> _Exercise goal_
State the count of lines in this material that hold the string "inflata" and add nothing.

> _Recorded information_
-------

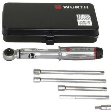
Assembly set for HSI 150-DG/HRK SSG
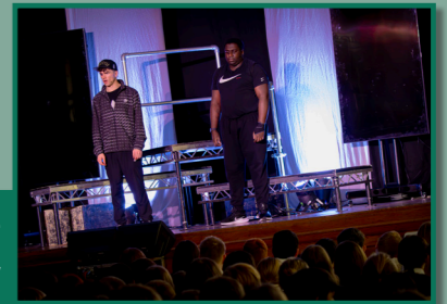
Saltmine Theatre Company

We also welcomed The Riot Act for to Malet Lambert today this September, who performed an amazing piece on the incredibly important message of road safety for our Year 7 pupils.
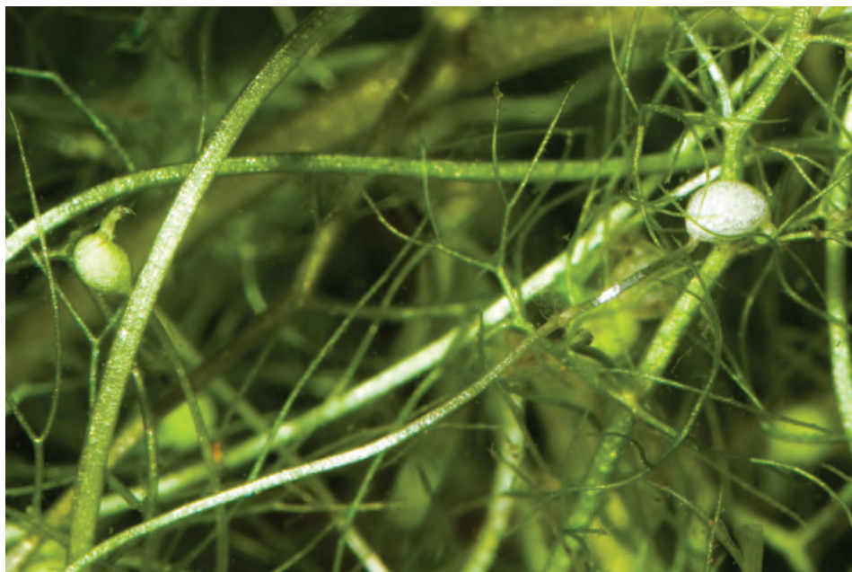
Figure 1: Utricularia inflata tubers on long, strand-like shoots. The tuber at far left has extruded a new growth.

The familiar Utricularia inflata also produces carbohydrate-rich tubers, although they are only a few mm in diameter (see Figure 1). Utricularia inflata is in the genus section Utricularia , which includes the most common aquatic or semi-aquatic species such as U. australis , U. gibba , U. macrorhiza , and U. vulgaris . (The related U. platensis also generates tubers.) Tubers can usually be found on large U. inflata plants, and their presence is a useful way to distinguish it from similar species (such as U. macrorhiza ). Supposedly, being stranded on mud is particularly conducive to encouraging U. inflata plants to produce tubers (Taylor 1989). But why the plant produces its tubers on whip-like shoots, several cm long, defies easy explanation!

-------

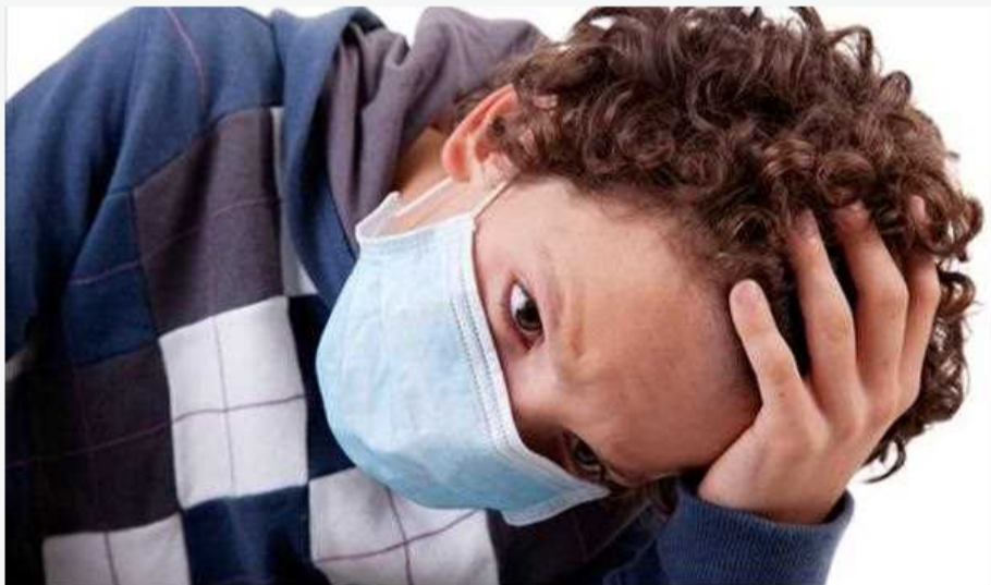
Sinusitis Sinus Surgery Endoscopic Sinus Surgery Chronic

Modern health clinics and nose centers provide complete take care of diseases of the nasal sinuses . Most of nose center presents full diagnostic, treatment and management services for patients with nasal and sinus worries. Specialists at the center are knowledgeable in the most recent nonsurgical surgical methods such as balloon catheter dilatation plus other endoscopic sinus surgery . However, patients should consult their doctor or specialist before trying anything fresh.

-------

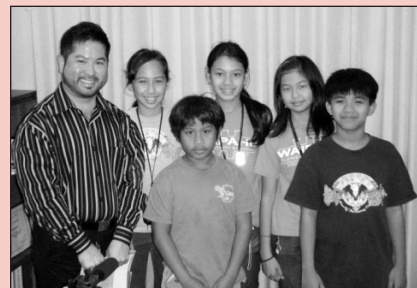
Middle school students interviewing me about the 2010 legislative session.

-------

> _Task response_
2